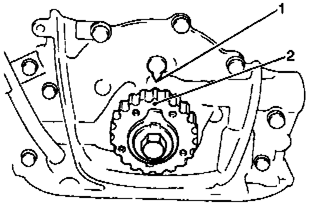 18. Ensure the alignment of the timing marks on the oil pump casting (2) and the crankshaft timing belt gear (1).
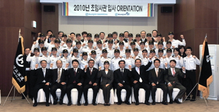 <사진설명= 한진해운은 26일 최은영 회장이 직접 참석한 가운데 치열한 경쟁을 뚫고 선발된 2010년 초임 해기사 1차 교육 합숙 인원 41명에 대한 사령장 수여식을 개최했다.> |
==
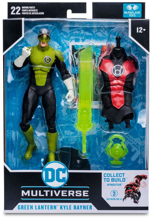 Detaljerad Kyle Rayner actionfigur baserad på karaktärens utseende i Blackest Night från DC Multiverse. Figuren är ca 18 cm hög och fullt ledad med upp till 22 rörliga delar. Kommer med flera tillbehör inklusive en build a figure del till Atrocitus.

*TASK DIRECTIONS*
From the data above, retype only the lines starting with the line with "18. Ensure the" and going on through the line with "<사진설명= 한진해운은 26일", exactly, leaving out the pictures.

*EXERCISE SOLUTION*
 18. Ensure the alignment of the timing marks on the oil pump casting (2) and the crankshaft timing belt gear (1).
 <사진설명= 한진해운은 26일 최은영 회장이 직접 참석한 가운데 치열한 경쟁을 뚫고 선발된 2010년 초임 해기사 1차 교육 합숙 인원 41명에 대한 사령장 수여식을 개최했다.> |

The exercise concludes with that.